Похоже, только кончина Филарета сможет освободить Воейкова от миссии оставаться его сторожем!
Допустим…
Но ведь никакого распоряжения на этот счёт от государя не поступало! Не то что распоряжения – даже самого лёгкого намёка. Значит, соверши такое Воейков своей волей, получится, что он нарушит волю государеву! И что тогда?.. В лучшем случае – острог и ссылка. И тогда тоскливое житьё в Верхнетуринске или вот здесь, в Подвинье, покажется прелестным временем. Ибо из надзирающего станет он сам поднадзорным!

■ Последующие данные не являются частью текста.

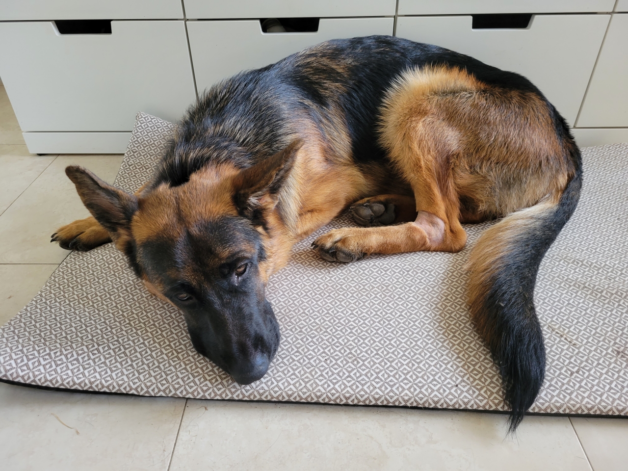 | Dire merci | Pour donner des nouvelles de mo n p'tit loup. Ça va toujours mieux même s'il reste un peu fatigué. La cortisone ce n'est pas évident à supporter et j'en sais quelque chose. Après il garde un crainte quand on lui prend le cou, il devait vraiment avoir ma mais ça commence à aller mieux. Il joue moins, mais c'est peut être du aussi à la chaleur. Mercredi prochain pds pour vérifier l'évolution de la crp et adapter le traitement. On est en vacances alors on s'occupe de lui un maximum, il es vraiment chouette comme chien. |

Тем более, что Филарет нынче – монах. Соответственно, патриарх может и казни потребовать на убийство церковнослужителя! И тогда тот же Годунов только разведёт руками и согласится на смертный приговор!
Впрочем, плаха или нет – то как случится, но дыба и кнут ему в любом случае будет гарантированы!
Замкнутый круг получается…
Попробуй угадай волю государеву, да так, чтобы самому же при этом не пострадать!
…Отец Филарет держался с Воейковым насторожённо. Наверное, понимал, что тот при надобности может и убить его.
Однако Иван оставался единственным мирским человеком, с которым Филарет общался регулярно. Между ними постепенно сложились отношения если не доверительные, то во всяком случае с намёком на доверительность. Они самой ситуацией оказались обречёнными на это.
– Пристав, у тебя дети есть? – спросил как-то монах.
– Навроде нет, – скабрёзно ухмыльнулся Воейков.
Но тут же осёкся, сообразив, с кем и где разговаривает.
– Прости, глупость сказал, – раздосадовано склонил он голову. – Не сподобился пока…
– Бог простит, – обмахнулся летучим крестом Филарет. И продолжил, искательно заглядывая в глаза своему надзирателю. – Сынишка ведь есть у меня, Мишаня… Мне бы узнать, где он, как и с кем… И супруга есть… Была… – поправился он, скосив взгляд на монашеское облачение. – Узнай, где она… Отблагодарю тебя…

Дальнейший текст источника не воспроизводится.